Natürlich aber kann es auch sein, daß Du Dir schlicht und einfach die falschen Ziele setzt. Niemand weiß letztlich immer, was das Leben mit ihm (noch) vor hat. Aber wenn etwas immer wieder schiefgeht, dann kann man davon ausgehen, daß man entweder auf dem falschen Weg ist oder die falschen Mittel einsetzt, um ein Ziel zu erreichen.
Darf ich Dich fragen: was machst Du beruflich bzw. was hast Du diesbezüglich vor? Ich frage das nicht aus Indiskretion oder Neugier, sondern deshalb, weil ich mir sehr gut vorstellen könnte, daß für Dich eine helfende, therapeutische Aufgabe sehr gut geeignet wäre. Gerade Menschen, die ein großes Herz haben, die sensibel sind und die vielleicht selber schon einiges durchgemacht haben, sind berufen dazu, anderen zu helfen, auf welche Weise auch immer.

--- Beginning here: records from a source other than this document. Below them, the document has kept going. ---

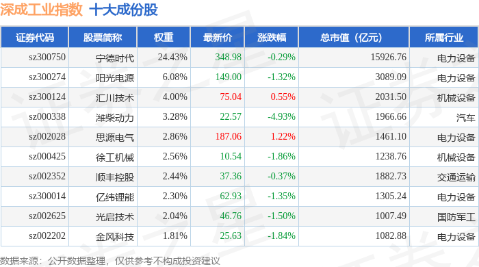 深成工业(399682)指数十大成份股详情如下: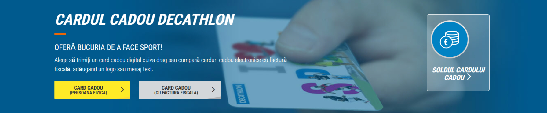 Cardul Cadou Decathlon este un voucher digital care poate fi incarcat cu sume intre 50 si 1.000 de lei. Acesta poate fi utilizat atat in magazinele fizice Decathlon din Romania, cat si pentru achizitii online pe site-ul oficial. Valabilitatea cardului este de 2 ani de la data achizitiei, permitand utilizarea sumei in una sau mai multe transe, in functie de preferintele beneficiarului.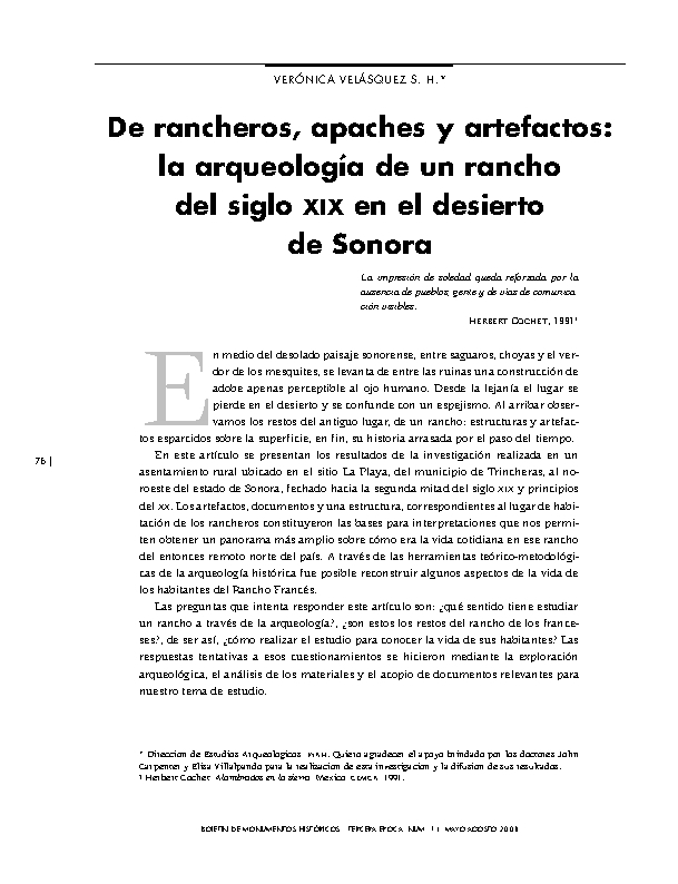 - De rancheros, apaches y artefactos: la arqueología de un rancho del siglo XIX en el desierto de Sonora

Vielleicht - ist jetzt nur so ein Gedanke - kannst Du Dich auch ehrenamtlich irgendwo entsprechend engagieren. In Krankenhäusern oder Altenheimen etwa oder auch im Bereich von Tier- oder Umweltschutz oder auch ganz einfach in Deinem privaten Umfeld, indem Du anderen, die Probleme haben, die irgendwie leiden, zuhörst, ein offenes Ohr hast für sie. Ich bin mir sicher, daß Dir selber das sehr viel helfen würde, daß es Dir Selbstbestätigung bringt, daß es Dich selber aufbaut, wenn Du andere aufbaust. Mach Dich nicht selber klein, zweifle nicht an Dir, sondern traue Dir zu, anderen helfen zu können und probiere es aus! Jeder hat etwas zu geben, und es wäre falsch, es aus Unsicherheit oder Angst bei sich zu behalten, weil man meint, niemand würde das, was man zu geben hat, wollen oder brauchen. Das stimmt nicht, nur muß man sich natürlich auch an die richtigen Empfänger wenden. Mach es, und Du wirst sehen, das es so ist!